In a rational system of production, under socialism, 
technology would be used to shorten the workweek, while at 
the same time raising the living standard of all workers.

Under capitalism, the higher level of productivity is 
resulting, simultaneously, in a high level of joblessness 
and poverty.

As new technology produces more advanced automated and 
computerized systems, layoffs and plant closings will 
vastly increase. 

Capitalists and management determine whether to release or 
apply new technology based strictly on what is profitable. 
Capitalism distorts what kind of technology is developed in 
the first place.

Technology that makes for a safer and healthier workplace 
or technologies that can clean up production processes are 

only implemented under tremendous pressure from labor and 
consumers. 

Perhaps the biggest distortion of all is the hundreds of 
billions poured down the rat hole of military technology. 
Not only is it wasted, dangerous and even criminal 
technology, but also it acts like a giant ball and chain on 
the economy and on social and human development.

In addition, public education is being attacked, privatized 
and phased out. It is no longer necessary to create a 
better educated and skilled work force, because the system 
no longer needs more mass production workers, but instead 
only a much smaller technological elite.

The underlying question these processes raise is what will 
be the effect of all these negative developments.

The many-sided processes will result in ever-bigger 
monopolies.
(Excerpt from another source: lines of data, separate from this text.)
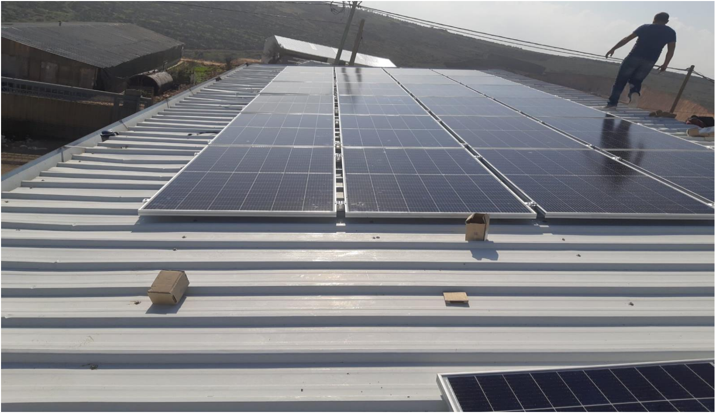
نظام الطاقة الشمسية

من خلال تركيب أنظمة الطاقة الشمسية المتنقلة والصديقة للبيئة استهدف هذا النشاط ثلاث تعاونيات مع إجمالي عدد أفرادها 341 مستفيد، الذي يهدف الى تقليل تكلفة التشغيل/ الإنتاج ، من خلالها استهدف هذا النشاط تعاونية بزاريا النسائية التي توظف 112 امرأة في إنتاج العسل بنظام طاقة شمسية بقدرة 10.8 كيلو واط، وتعاونية طوباس النسائية التي تدير مطبخاً نسائياً ينتج جميع أنواع المعجنات الفلسطينية وسوبر ماركت يربط المزارعين من جميع انحاء منطقة طوباس بالمستهلكين ويعمل بها حالياً 149 امرأة بنظام طاقة شمسية بقدرة 15 كيلو واط، ومصنع ألبان الأغنام والماعز الوحيد في فلسطين والذي يدعم 80 مزارعاً/راعياً بقدرة 25 كيلو واط.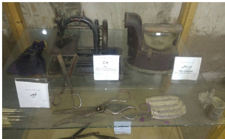
عکس ۹- اتو زغالی و وسایل خیاطی، موزه مردم‌شناسی برسه، دوهزار، فروردین ۹۷،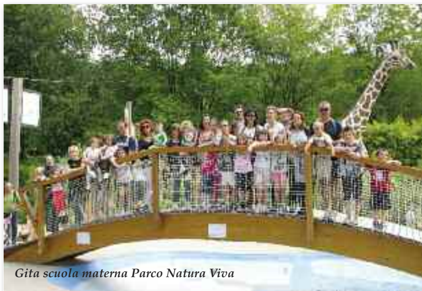
Gita scuola materna Parco Natura Viva

scuola sostegno imprescindibile, insegnati che assumono la responsabilità della cura e della dedizione. Si riannodano i legami che hanno permesso ai bambini di credere nel domani perché il presente è pieno di segni belli e positivi, e ai grandi di sperare che il presente è ancora abitato da persone pronte ad aiutare e il domani è ricco di opportunità di aiuto reciproco. Relazioni che gli esperti chiamano rete educativa, legami che non lasciano cadere i piccoli e i fragili nelle trappole della vita.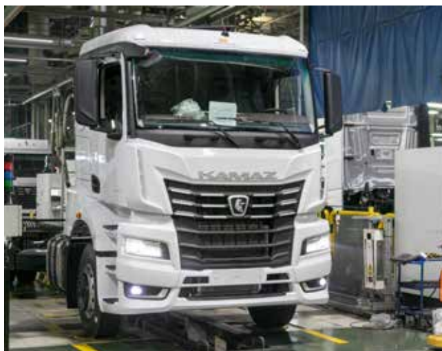
Этот грузовик станет флагманом среднетоннажного семейства

Новое поколение развозных грузовиков, пока представленное в единственном экземпляре, тоже имеет все шансы на покорение сердец ритейлеров, городских и коммунальных служб. Кабина у него ещё более комфортная, с кондиционером, круиз-контролем, бортовой информационной

They will result in the attempted destruction 
of unions, on a global scale. 

They will result in continuing declining wages, closing of 
domestic factories. There will be more foreign factories, 
more export of new technology.

These processes have already resulted in longer strikes, 
more bitter class battles. And the fact is that all the new 
developments and processes put together will not result in 
solutions to the serious problems faced by the working 
class.

They may result, however, in some workers having jobs and 
the rest of the class will be worse off.

All these processes point to the need for international 
working class solidarity, demands for the shorter workweek 
with no cut in pay, for nationalization of monopolies and 
industries, for internationalization of the trade unions, 
for new strategies and tactics in the sharpening class 
struggle.

It has become a life-and-death struggle. In the long run, 
however, socialism is the only solution.

Under socialism a solution will be found for all the new 
problems and crises of capitalism in the interests of the 
working class.

Thus, the socialist solution will increasingly become more 
urgent, more necessary. We have to learn to project the 
socialist solution as the long-term solution to the new, 
concrete problems.

Let's just take a deeper look at how socialism will solve 
the biggest problem facing the working class today, new 
technology.

Socialism and the scientific and technological revolution 
go together.

Only socialism can make decisions to research, investigate, 
discover, invent and apply without considering 
profitability, but only practicability and benefit for the 
people and society as a whole.

Increase in productivity is passed onto the people by way 
of wage increases.  When machines replace workers the hours 
of work are cut, without any real cut in wages.

Under socialism, the work force of a mechanized factory or 
industry would simply be retrained and relocated.

Technology enables society to assign the dirtiest, hardest 
jobs to machines and robots, while humans will increasingly 
do the work that requires creativity and ever-higher 
education.

Technology creates much greater career opportunities and 
greater leisure time for workers.


The costs involved in making such major adjustments in 
machinery, technology and human labor come out of social 
profits that were once privately confiscated, stolen by the 
ruling class through exploitation of labor.

The scientific and technological revolution makes it 
possible to project a new kind of socialist future that was 
not foreseeable until now.

However, short of socialism, we need advanced demands and a 
national, perhaps international conference, called by the 
trade unions, which would come up with ways to prevent the 
devastating effects of technology under capitalism. 

For example, we need a struggle which could include federal 
laws that would place restrictions on the monopolies, stop 
the corporations from stealing all the fruits of 
technological breakthroughs.

We need laws to guarantee commensurate price cuts and wage 
increases as a result of application of new technologies; 
affirmative action programs that would apply to every 
application of new technology.

We need to develop a "Science and Technology Bill of Rights 
for Workers and Consumers" that would eventually become 
law.

It is only through a united struggle of the labor movement, 
the trade unions, of all working people - including on an 
international scale - that the negative effects of the 
technological revolution, of all the negative processes 
sweeping our economy, can be successfully resisted.